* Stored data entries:
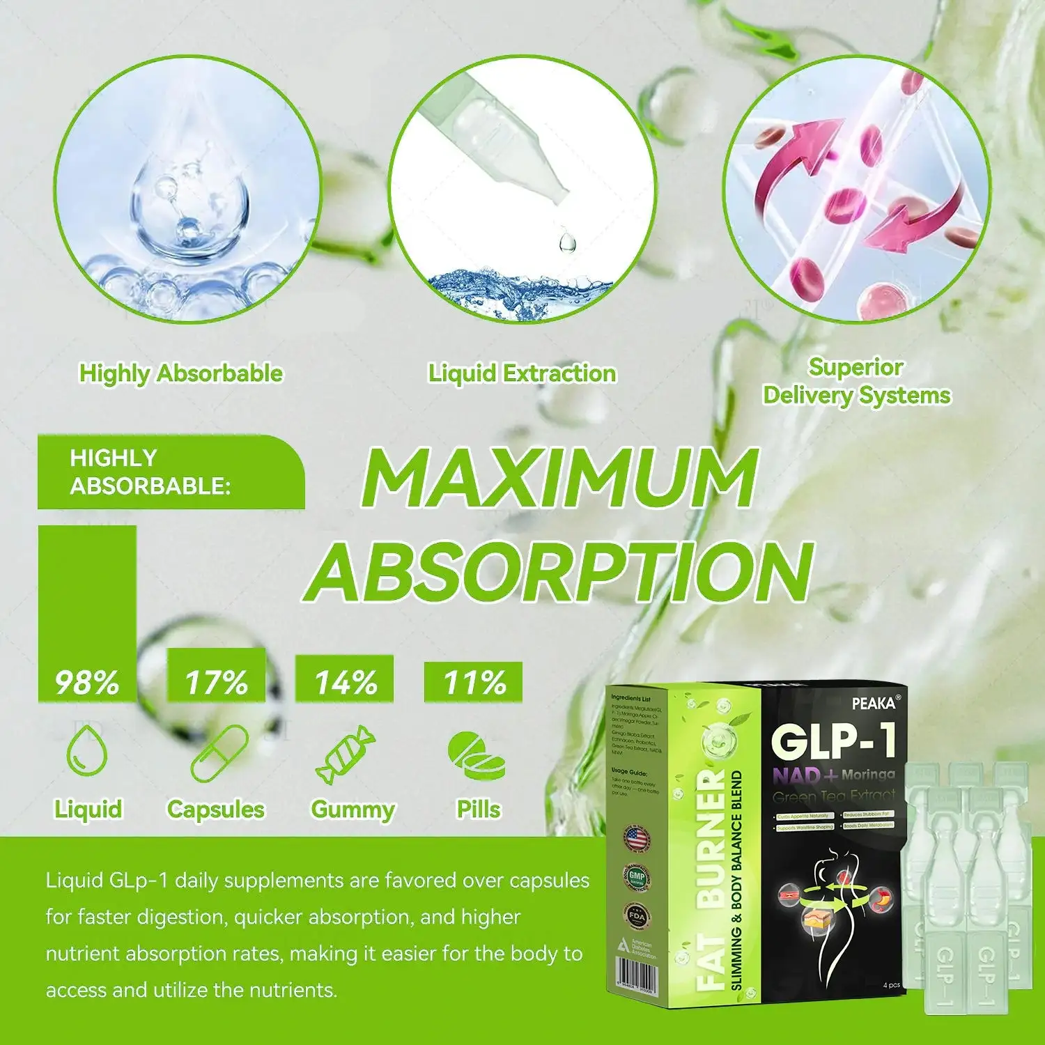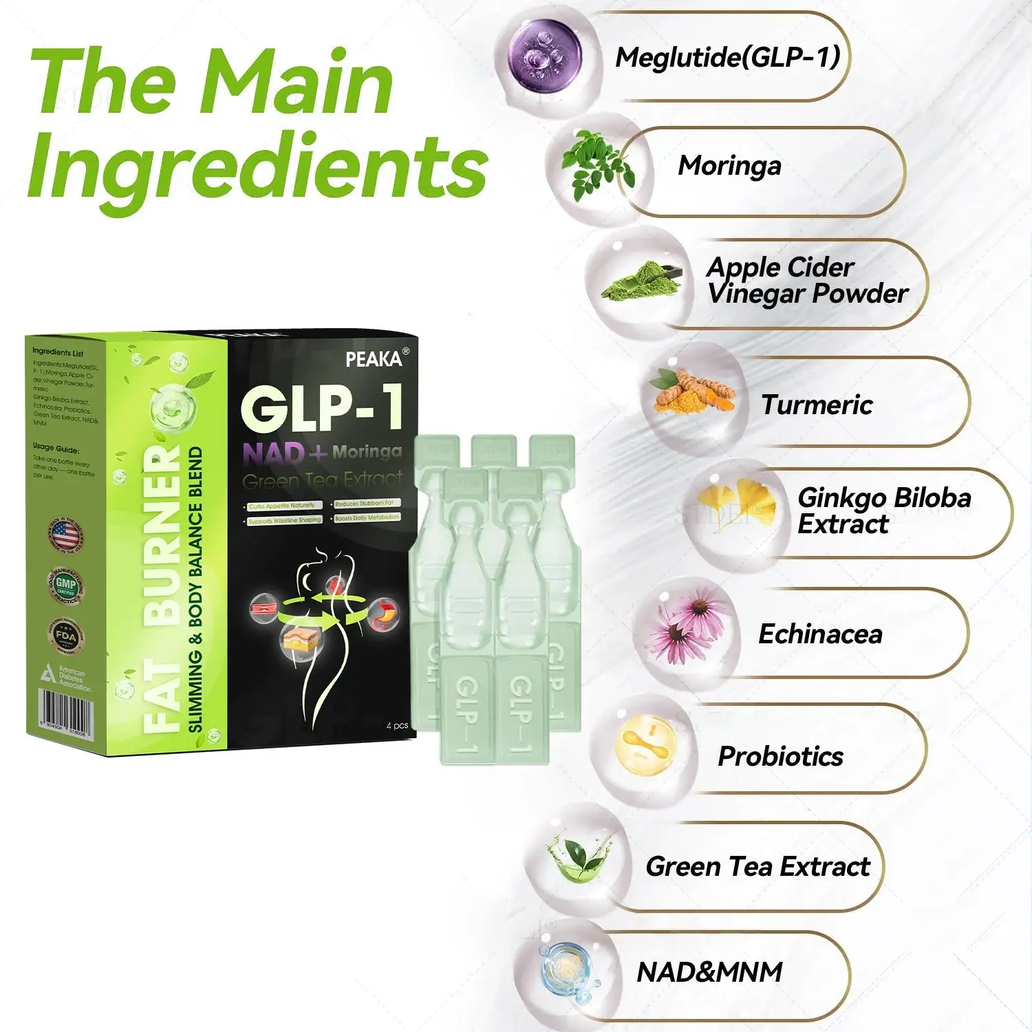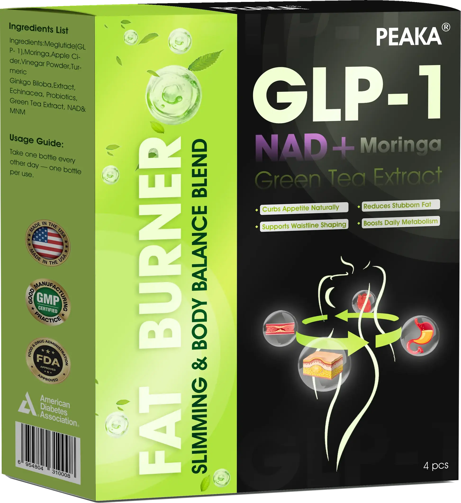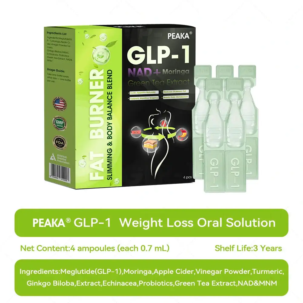 PEAKA® GLP-1 Weight Loss Oral Liquid, developed by a team of over 30 metabolic health experts affiliated with Harvard Medical researchers over 20 years of clinical insights, combines Meglutide with powerful herbal ingredients to boost metabolism, accelerate fat burning, and support digestive and lymphatic health.
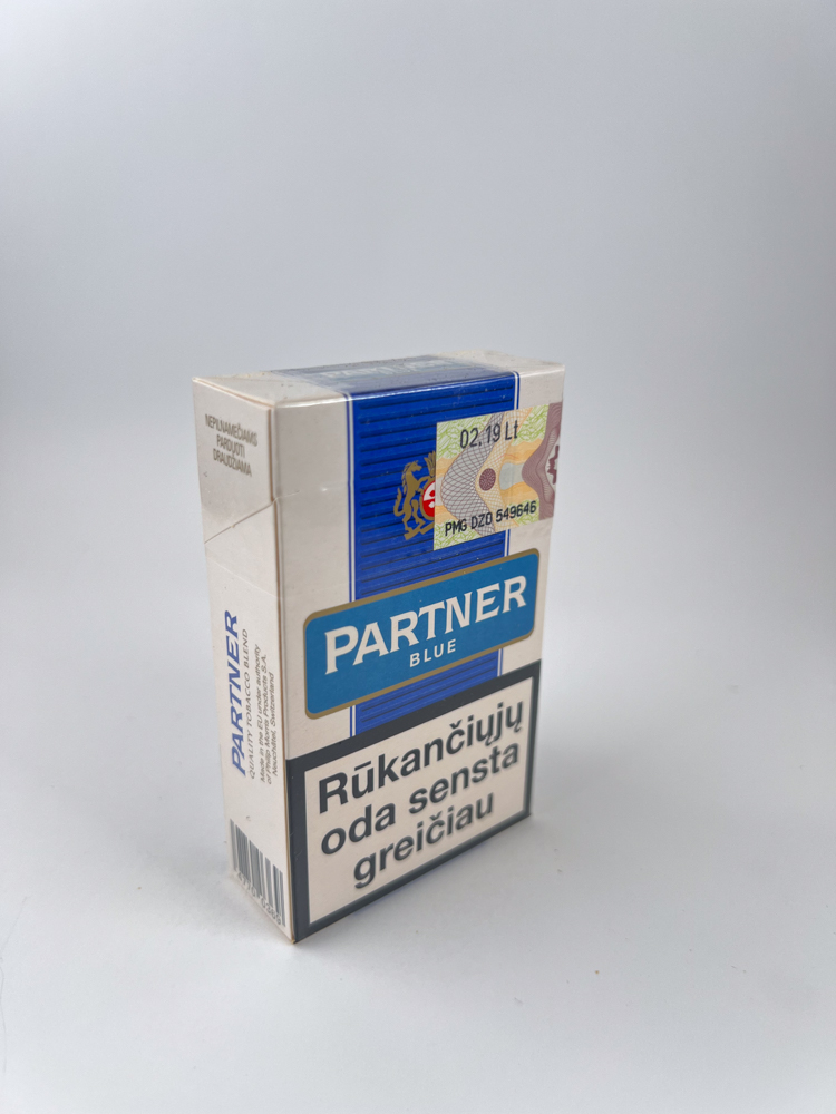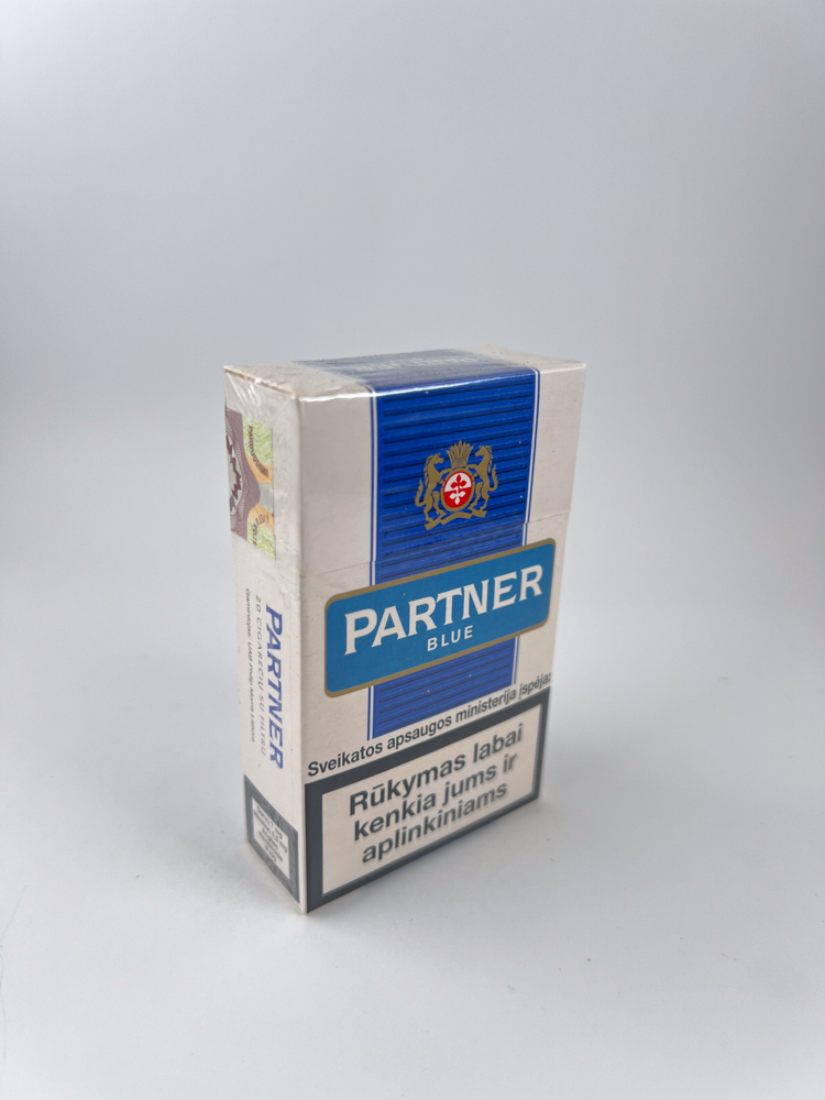 „Partner Blue“ – tai vidutinio stiprumo versija iš „Partner“ serijos, užimanti vietą tarp „Red“ ir „Silver“. Dizainas išlaiko klasikinį serijos formatą: baltas fonas, mėlynas vertikalus įspaustas laukas viršutinėje dalyje, o centre – rėmelis su logotipu „PARTNER BLUE“, įkomponuotu į subtilų auksinį kontūrą. Viršuje pavaizduotas herbas su liūtais ir raudonu skydeliu suteikia oficialumo įspūdį.
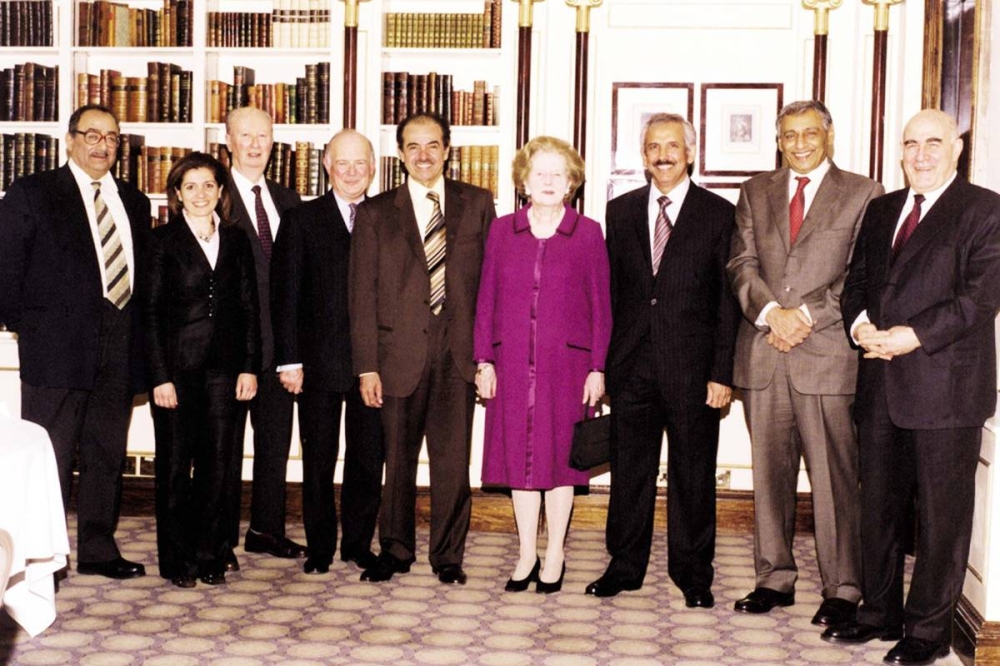 الراحل حمد الصقر مع وفد البنك الوطني خلال اجتماعه في بريطانيا، وتبدو رئيسة الوزراء الراحلة مارغريت تاتشر وناصر الخرافي وناصر السايرِ وإبراهيم دبدوب والسفير خالد الدويسان
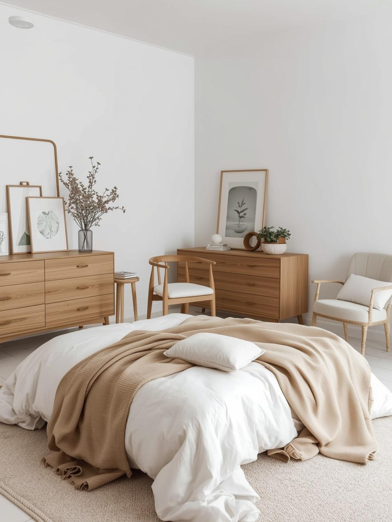 Scandinavian bedrooms focus on simplicity, functionality, and soft neutral tones. White walls combined with light wood furniture create a fresh and calming environment. This style is perfect for small spaces because it enhances brightness and openness.
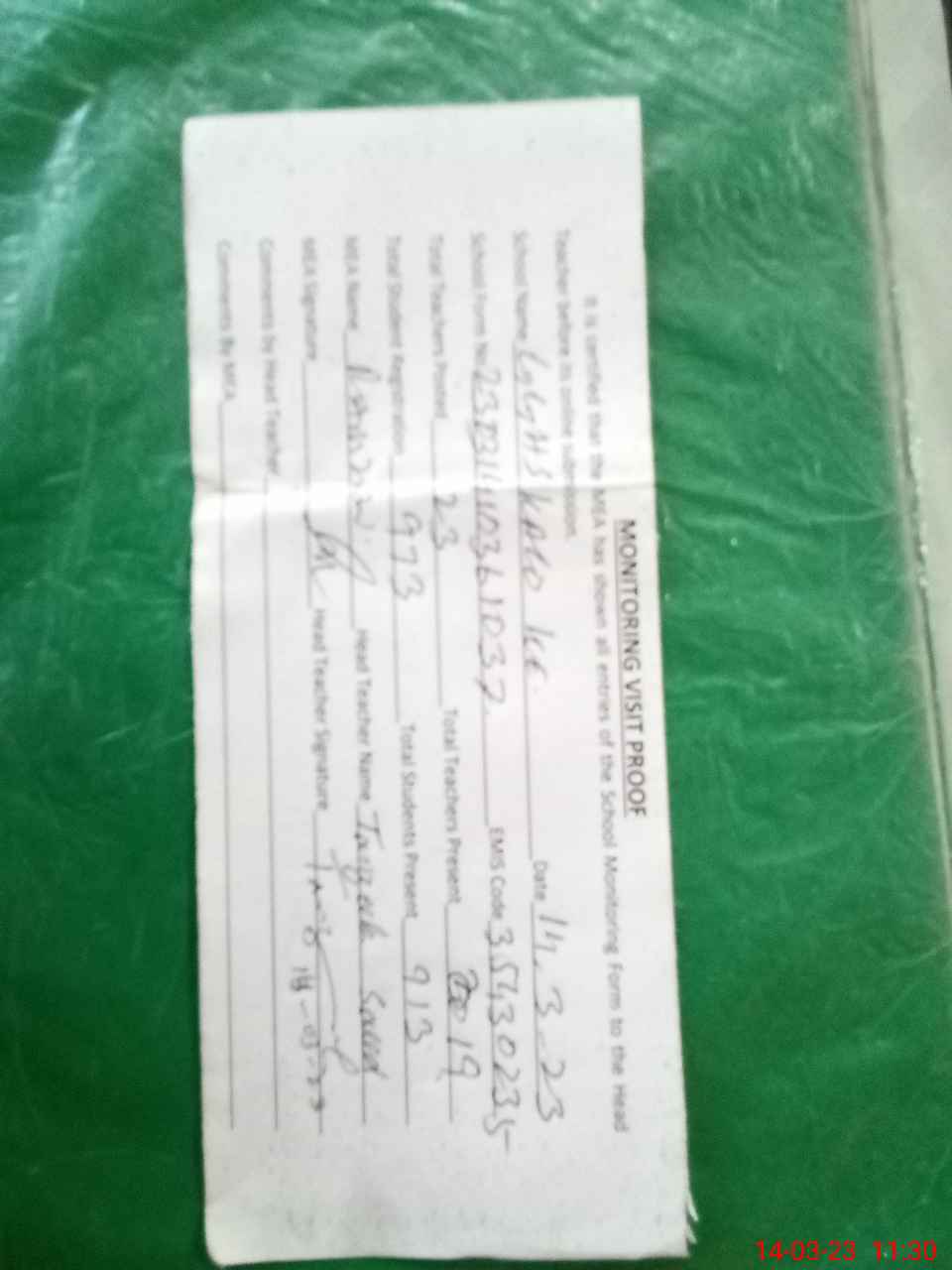 | Attendance Register | Head Teacher | MEA with School | Visit Proof |

* TASK STATEMENT:
In the records above, find the line that contains "Scandinavian bedrooms focus" and retype it and all lines after it exactly, leaving out any pictures.

* REPLY:
 Scandinavian bedrooms focus on simplicity, functionality, and soft neutral tones. White walls combined with light wood furniture create a fresh and calming environment. This style is perfect for small spaces because it enhances brightness and openness.
 | Attendance Register | Head Teacher | MEA with School | Visit Proof |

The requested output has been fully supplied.